BALTIMORE — If you’ve recently been infected with COVID-19 or know someone infected, and you probably do, you can probably blame BA.5, one of five subvariants of omicron and possibly the most transmissible yet.
It’s now the dominant strain in Maryland and nationally and, along with a close relative, BA.4, accounts for 70% of U.S. cases. And it’s not just contagious, it’s also adept at evading people’s immune defenses, making it a particular threat.
“What that means is there is a smaller hill for the virus to get over,” said Andrew Pekosz, a professor of immunology at Johns Hopkins Bloomberg School of Public Health who has been studying the coronavirus. “We’re going to see a lot of infections and reinfections.”
That would be infections in people who are vaccinated and boosted, as well as people who were infected during the last wave.
It’s another frustrating turn in the long coronavirus pandemic, which experts say again calls for vigilance: wearing good-fitting, quality masks in higher-risk situations, distancing, seeking well-ventilated indoor spaces and obtaining every vaccine dose for which people are eligible.

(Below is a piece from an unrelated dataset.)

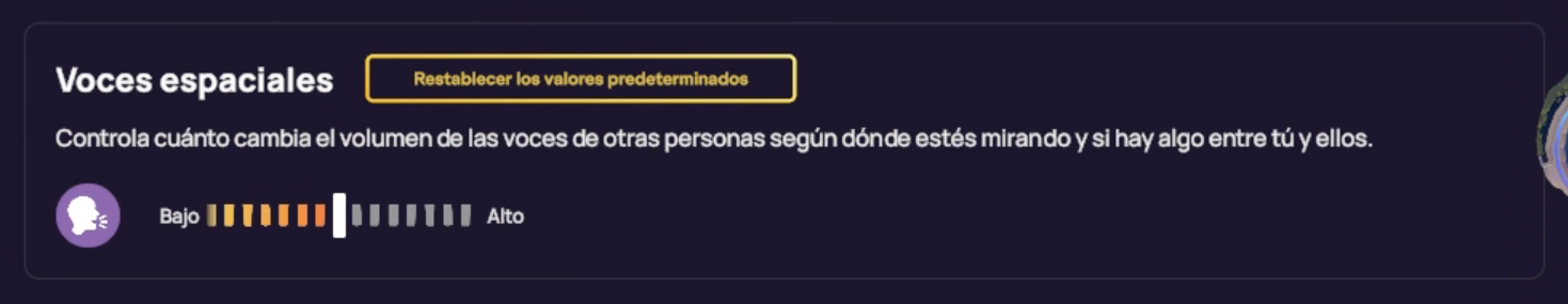 En conjunto, las siguientes configuraciones ayudan a crear una experiencia de audio más clara y enfocada en VR al priorizar su voz sobre otros sonidos.

The state and nation are seeing cases creep up, with 1,873 new infections reported Friday, up from a few hundred a day in mid-March, according to the Maryland Department of Health. The ultimate tally is unknown but surely far higher because so many people are testing at home and not reporting the results.
The percentage of people who officially test positive in a state or commercial lab, however, is also ticking up. It was 9.5% on Friday, nearly double the standard threshold of 5% that indicates infections are widespread in the community. The CDC considers spread in most of Maryland to be low or medium, with only Howard County listed as high, designations largely tied to the level of COVID-19 hospitalizations.
Chase Cook, a spokesman for the state health department, said officials are monitoring the pandemic and will provide guidance as necessary.
“Maryland is one of the most vaccinated states in the country,” he said. “We encourage every eligible Marylander to get vaccinated and boosted as soon as possible — safe and effective vaccines are available at hundreds of sites at covidvax.maryland.gov.”
It’s not clear yet how big an impact BA.5 will have on hospitalizations and deaths, though there currently are 536 people in hospital beds in Maryland. That’s more than five times the recent low in mid-April of just over 100, but far from the pandemic high in January that exceeded 3,460.
That number has been rising, though the data don’t show how many are “for or with” COVID-19, said Kathleen Neuzil, director of the University of Maryland School of Medicine’s Center for Vaccine Development and Global Health. That is, how many people are in a hospital bed because they have COVID-19 or just tested positive after seeking medical care for something else.
Neuzil said the rise of BA.4 and BA.5 isn’t surprising because they’ve caused a lot of infections in Europe and South Africa, and the United States has been following those trends. She hesitated to predict exactly how the cases would trend here or when they would peak, given the virus’ unpredictability and other variables, such as how much Americans take precautions absent any mandates.
A third of the country remains unvaccinated and booster uptake so far has been low. The rate of vaccinations for small children, which were recently authorized, also is low, prompting the American Medical Association, American Academy of Pediatrics and American Academy of Family Physicians to issue an open letter to parents urging them to immunize their kids.